Therapy can help individuals better understand how relational experiences have shaped emotional patterns while building healthier ways of relating to self and others.

Neuroscience, Neurodivergence, and Sensory Processing

Neuroscience-informed therapy can also support neurodivergent individuals by recognizing differences in:

  • sensory processing

  • emotional regulation

  • executive functioning

  • nervous system sensitivity

  • social communication

Neurodivergent experiences are not viewed as deficits to eliminate, but as differences that deserve understanding, support, and accommodation.

Therapy can help individuals work with their nervous system rather than constantly fighting against it.

Internal Family Systems (IFS) and Neuroscience

I often integrate Internal Family Systems informed perspectives into neuroscience-informed therapy.

IFS recognizes that different emotional “parts” of ourselves often develop protective roles in response to stress, trauma, or relational experiences.

For example:

  • anxious parts may try to prevent rejection or danger

  • perfectionistic parts may attempt to maintain safety through achievement

  • shutdown parts may protect against overwhelm

Neuroscience and IFS overlap in recognizing that many emotional patterns are adaptive responses rather than evidence that something is inherently wrong with a person.

Therapy can help create more compassionate relationships with these internal experiences.

My Approach to Neuroscience-Informed Therapy

My work is relational, affirming, trauma informed, and grounded in nervous system awareness.

Together we may explore:

  • nervous system responses

  • emotional regulation patterns

  • attachment dynamics

  • stress and burnout

  • trauma adaptations

  • self-protective coping strategies

  • relationship dynamics

I integrate approaches such as:

  • attachment focused therapy

  • Internal Family Systems informed work

  • emotion focused processing

  • nervous system regulation and awareness

I approach neuroscience as a way of increasing understanding and self-compassion, not reducing people to brain chemistry or diagnoses.

Therapy is ultimately about helping people feel more connected to themselves, their emotions, and their relationships.

Who I Work With

I work with adults experiencing:

  • anxiety and panic

  • emotional overwhelm

  • burnout and chronic stress

  • trauma and attachment wounds

  • ADHD or autism related challenges

  • relationship difficulties

  • dissociation or shutdown

  • perfectionism and overfunctioning

Many clients also seek support for:

  • identity exploration

  • grief and loss

  • emotional regulation

  • caregiver stress

  • life transitions

Telehealth Neuroscience-Informed Therapy (MA, NH, ME, RI)

I provide virtual neuroscience-informed therapy for adults located in:

  • Massachusetts

  • New Hampshire

  • Maine

  • Rhode Island

Telehealth allows therapy to occur in a familiar environment that may feel more accessible and regulating for many clients.
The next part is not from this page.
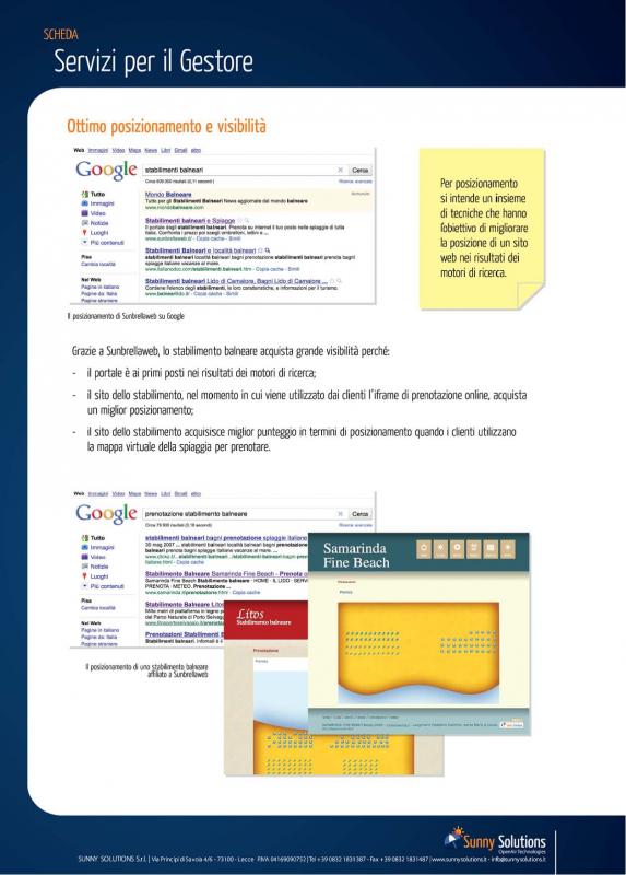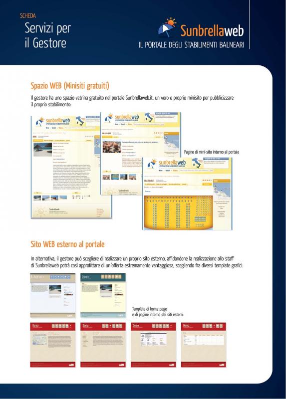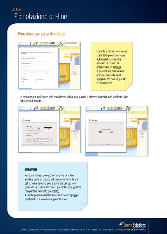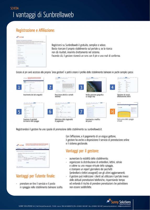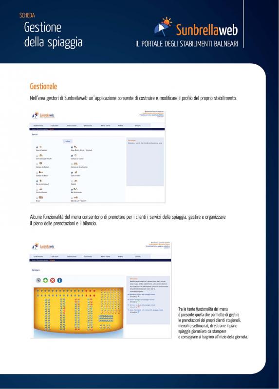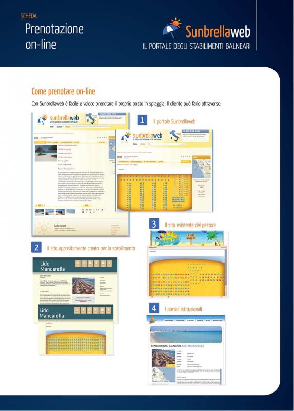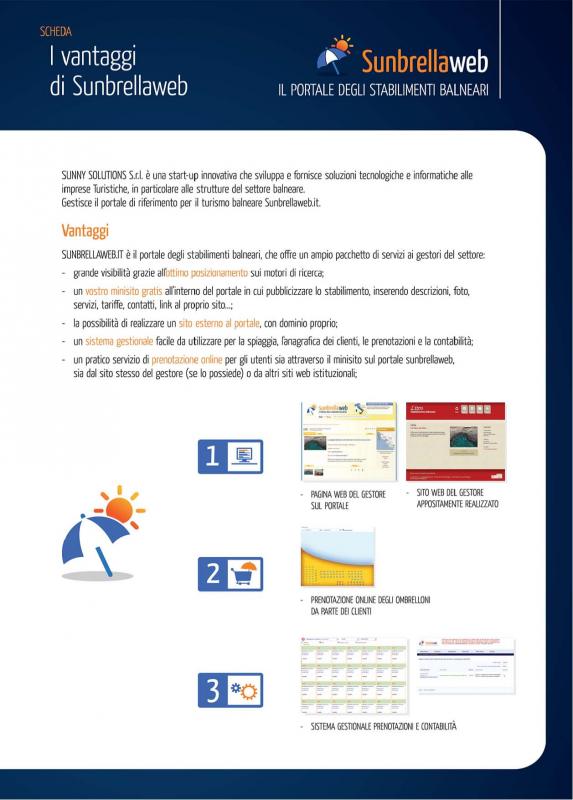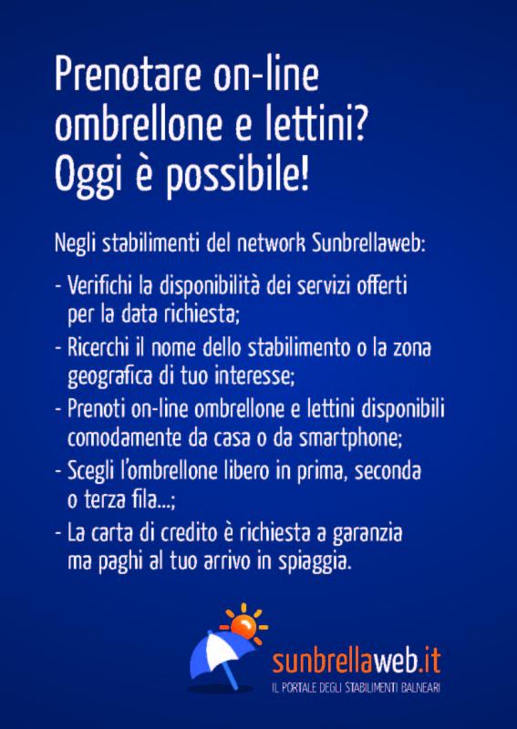 Con Sunbrellaweb l’ombrellone si prenota online! Da oggi il nuovo portale Sunbrellaweb.it e l’app per iPhone permettono di prenotare comodamente da casa l’ombrellone nella spiaggia preferita, in tutta Italia. Sunbrellaweb.it fornisce al visitatore tutte le informazioni necessarie per scegliere, visualizzando le foto, i servizi disponibili e i prezzi praticati, lo stabilimento balneare dove passare una giornata o più giorni di vacanza in spiaggia. Il portale permette di prenotare l’ombrellone direttamente online tramite una mappa interattiva che il gestore della spiaggia configura a inizio stagione coerentemente con la disposizione dei propri ombrelloni sull’arenile o area demaniale in concessione.

Frequently Asked Questions

What is neuroscience-informed therapy?

Neuroscience-informed therapy integrates understanding of the nervous system, emotional regulation, attachment, and stress responses into the therapy process.

Is neuroscience-informed therapy the same as medical treatment?

No. Neuroscience-informed therapy is not about treating people as medical problems. It uses nervous system and brain-body understanding to support emotional awareness, regulation, and healing.

Can neuroscience-informed therapy help with trauma or anxiety?

Yes. Understanding nervous system responses can be especially helpful for people experiencing trauma, anxiety, emotional overwhelm, burnout, or chronic stress.

Related Specialties

You may also be interested in:

  • Trauma Therapy

  • Emotional Regulation Therapy

  • Burnout Recovery Therapy

  • Neurodivergent Affirming Therapy

  • Attachment and Relationship Pattern Therapy

Next Steps

Many emotional struggles begin to make more sense when viewed through the lens of nervous system adaptation, attachment, and lived experience rather than self-blame.

Therapy can help you better understand your emotional patterns, reconnect with your nervous system, and build greater flexibility, self-compassion, and emotional resilience over time.